Mood music was good, the Twitter feed was lively, but what did we learn? The DfT is willing to work with Rail North as the franchise manager. People accept some new diesel trains are needed. Planning for growth is essential. That was all agreed. A sleugh of schemes in North West England are in train including major electrifications, Colne Skipton will likely re-open. The Todmorden West curve is a good thing. Trams are being built hither and thither in Greater Manchester.

What was in this for the North East? Exactly nothing on the table although today Northumberland County Council does announce it intends to commit £10 a million a year for each of the next three years to Blyth and Tyne re-opening.

The reason why the North East is not high in the pecking order is blindingly obvious. The civil servant said as much. It does not have a strategy, it has some disorganised wish lists. Neither ANEC nor the LEP have managed to set out a comprehensive rail development plan for North East England. No wonder my hopes that the work of Heaton depot forms a mini franchise for the area go no-where fast.

The challenge for our politicans is simple, they have to work together and fast to get up to speed with what is happening elsewhere in the North if we are not to be in the also ran category. Thankfully a good number of people from the North East had travelled. User groups from Morpeth, the Tyne Valley (three of us), Coastliners, a Northern Echo reporter, three local government officers, Alex Nelson of Chester Le Track were there. But not one North East politician I think. So if you want electric trains in the Tyne Valley, an expanded Metro, stations for Washington and Peterlee and Ferryhill, a local service north of Chathill connecting Belford and Berwick regularly to Alnmouth and Morpeth, the Ashington Blyth & Tyne, the end of the Pacer, an Oyster card for the North East, those who are our politicans at county and government levels are really going to have to start working together. Some are, our Guy Opperman MP is energetically pressing the case for rail investment in the North East. What other MPs should I add to that hall of fame? There are some candidates, Ian Lavery, David Anderson, maybe some others? But Nick Brown whose constituency covers Heaton depot. I did hear Nick Forbes leader of Newcastle City is about to join the Rail North board.

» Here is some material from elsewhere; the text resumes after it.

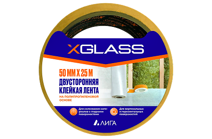 XGLASS Лента клейкая двухсторонняя Полипропилен 50мм х 25м, 160386 применяется на горизонтальных и вертикальных поверхностях, для склеивания гладких поверхностей и материалов при проведении монтажных, ремонтных, дизайнерских и оформительских работ. Подходит для монтажа легких предметов интерьера, в том числе деревянных реек на стену, пароизоляционных плёнок.

Craig Johnston and the RMT were at the event (he asked a question in forum) flagwaving for the cause of the investment and the jobs it creates.

Things are changing I think for the right direction, but there is a long long way to go before I feel that what happens in the Humber Mersey axis happens in the York Berwick corridor. Regional Intercity was being touted. Liverpool Manchester going electric cited. Then think of our version Middlesbrough Newcastle with the city of Sunderland between. An hourly Pacer which then trots onto the Tyne Valley where even a Pacer's maximum speed is more than the line can handle.